I have:
from pyspark.sql import functions as F
from pyspark.sql.window import Window
df = spark.createDataFrame([(17, "2017-03-10T15:27:18+00:00",'Store 1'),
(13, "2017-04-15T12:27:18+00:00",'Store 1'),
(25, "2017-05-18T11:27:18+00:00",'Store 1'),
(18, "2017-05-19T11:27:18+00:00",'Store 1'),
(13, "2017-03-15T12:27:18+00:00",'Store 2'),
(25, "2017-05-18T11:27:18+00:00",'Store 2'),
(25, "2017-08-18T11:27:18+00:00",'Store 2')],
["dollars", "timestampGMT",'Store'])
df = df.withColumn('timestampGMT', df.timestampGMT.cast('timestamp'))

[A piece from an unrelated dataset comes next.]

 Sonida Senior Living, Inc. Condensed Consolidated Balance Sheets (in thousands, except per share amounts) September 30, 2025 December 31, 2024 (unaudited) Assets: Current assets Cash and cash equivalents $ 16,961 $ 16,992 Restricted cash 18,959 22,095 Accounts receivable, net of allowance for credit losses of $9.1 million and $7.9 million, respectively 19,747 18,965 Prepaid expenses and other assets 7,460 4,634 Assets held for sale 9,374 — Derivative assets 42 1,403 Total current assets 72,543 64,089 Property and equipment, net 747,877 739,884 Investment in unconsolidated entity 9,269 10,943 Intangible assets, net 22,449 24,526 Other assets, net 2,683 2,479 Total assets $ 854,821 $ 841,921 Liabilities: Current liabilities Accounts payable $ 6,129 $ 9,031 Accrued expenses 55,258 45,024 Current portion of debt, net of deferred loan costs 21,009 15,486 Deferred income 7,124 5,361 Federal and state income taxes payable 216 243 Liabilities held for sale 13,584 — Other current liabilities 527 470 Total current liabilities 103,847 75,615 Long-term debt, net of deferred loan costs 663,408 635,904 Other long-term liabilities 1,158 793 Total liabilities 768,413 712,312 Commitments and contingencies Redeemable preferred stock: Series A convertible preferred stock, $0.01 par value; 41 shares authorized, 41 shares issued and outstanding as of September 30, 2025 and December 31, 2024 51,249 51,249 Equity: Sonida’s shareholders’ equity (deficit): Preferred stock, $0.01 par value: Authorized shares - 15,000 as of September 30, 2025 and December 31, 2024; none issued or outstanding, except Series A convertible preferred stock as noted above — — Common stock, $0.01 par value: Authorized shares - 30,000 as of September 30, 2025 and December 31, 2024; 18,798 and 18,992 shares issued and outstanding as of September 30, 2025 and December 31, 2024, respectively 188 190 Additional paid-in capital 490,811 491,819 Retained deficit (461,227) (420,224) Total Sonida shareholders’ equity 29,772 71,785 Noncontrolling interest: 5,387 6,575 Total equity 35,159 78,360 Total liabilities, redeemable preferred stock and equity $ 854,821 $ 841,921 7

dollars timestampGMT Store
17 2017-03-10 15:27:18 Store 1
13 2017-04-15 12:27:18 Store 1
25 2017-05-18 11:27:18 Store 1
18 2017-05-19 11:27:18 Store 1
13 2017-03-15 12:27:18 Store 2
25 2017-05-18 11:27:18 Store 2
25 2017-08-18 11:27:18 Store 2
I want to average by the last 3 months (if last 3 months are present, else 0), grouping by Store. Ending up with:
dollars timestampGMT Store Last_3_months_Average
17 2017-03-10 15:27:18 Store 1 0
13 2017-04-15 12:27:18 Store 1 0
25 2017-05-18 11:27:18 Store 1 18.25
18 2017-05-19 11:27:18 Store 1 18.25
13 2017-03-15 12:27:18 Store 2 0
25 2017-05-18 11:27:18 Store 2 0
25 2017-08-18 11:27:18 Store 2 0
25 2017-08-19 11:27:18 Store 2 0
Not sure how to approach this problem. Should I group by month first?